[[ Data shown open ]]
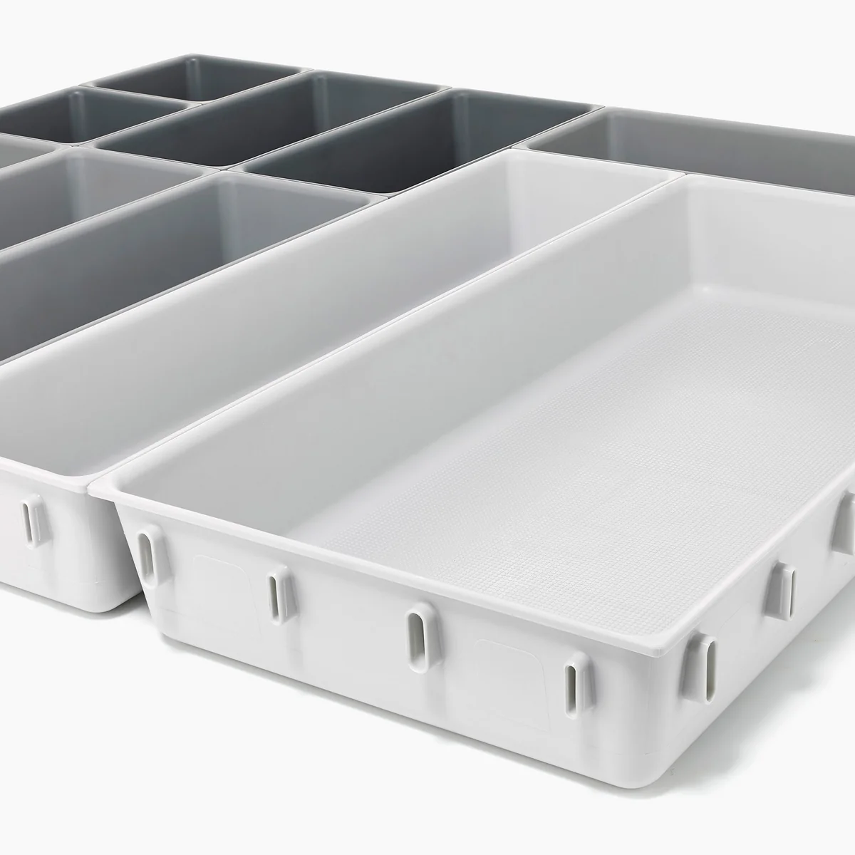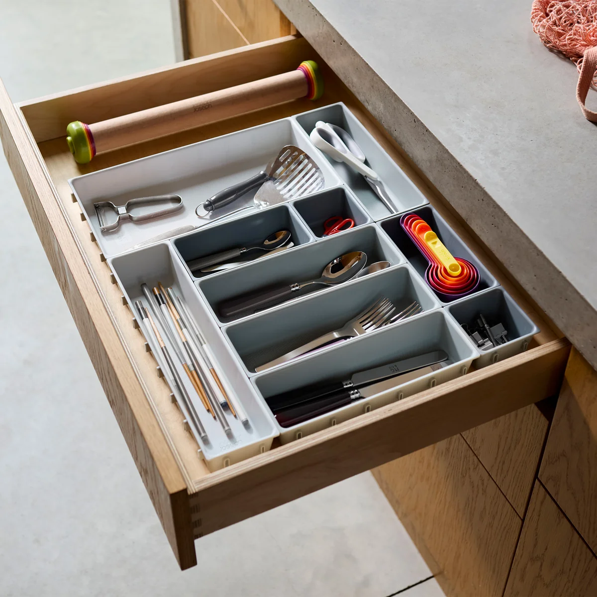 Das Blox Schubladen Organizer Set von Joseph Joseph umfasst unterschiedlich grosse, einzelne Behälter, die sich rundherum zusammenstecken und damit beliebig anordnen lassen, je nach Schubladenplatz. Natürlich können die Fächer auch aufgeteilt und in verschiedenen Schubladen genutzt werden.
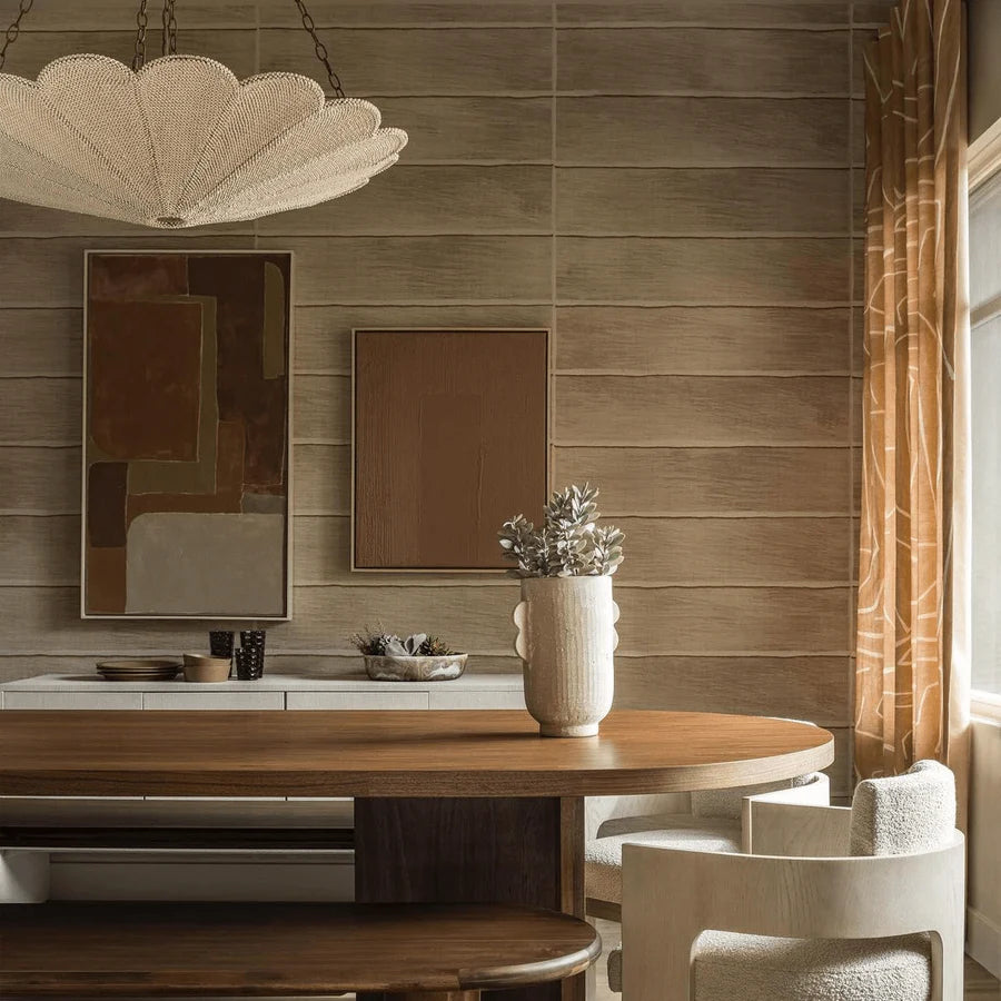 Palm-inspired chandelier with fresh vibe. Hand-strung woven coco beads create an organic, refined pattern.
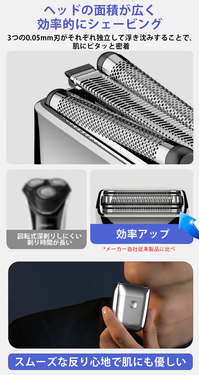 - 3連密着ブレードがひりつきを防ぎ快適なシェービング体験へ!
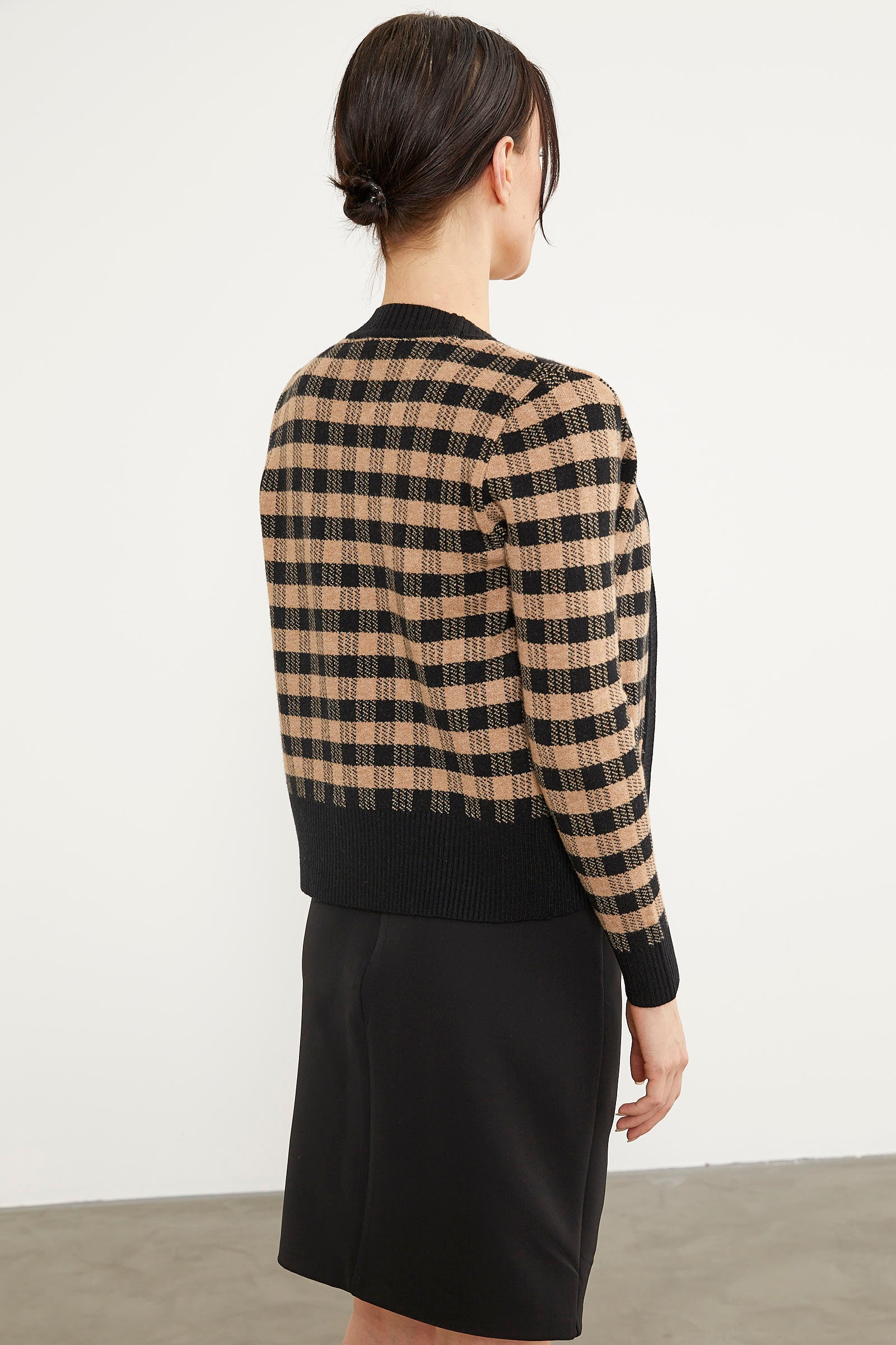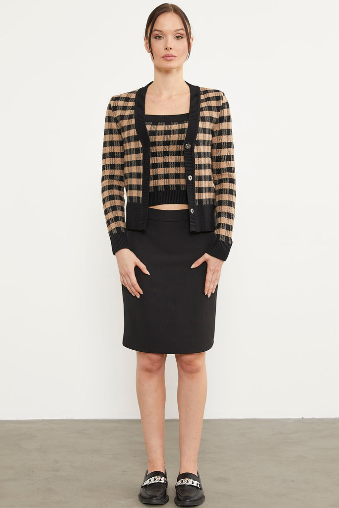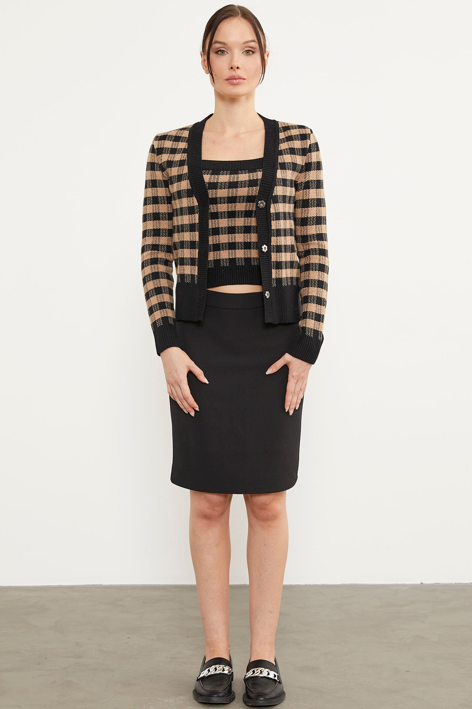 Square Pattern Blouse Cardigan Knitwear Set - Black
[[ Data shown closed ]]
Apart from the pictures, every line above must be repeated exactly.

 Das Blox Schubladen Organizer Set von Joseph Joseph umfasst unterschiedlich grosse, einzelne Behälter, die sich rundherum zusammenstecken und damit beliebig anordnen lassen, je nach Schubladenplatz. Natürlich können die Fächer auch aufgeteilt und in verschiedenen Schubladen genutzt werden.
 Palm-inspired chandelier with fresh vibe. Hand-strung woven coco beads create an organic, refined pattern.
 - 3連密着ブレードがひりつきを防ぎ快適なシェービング体験へ!
 Square Pattern Blouse Cardigan Knitwear Set - Black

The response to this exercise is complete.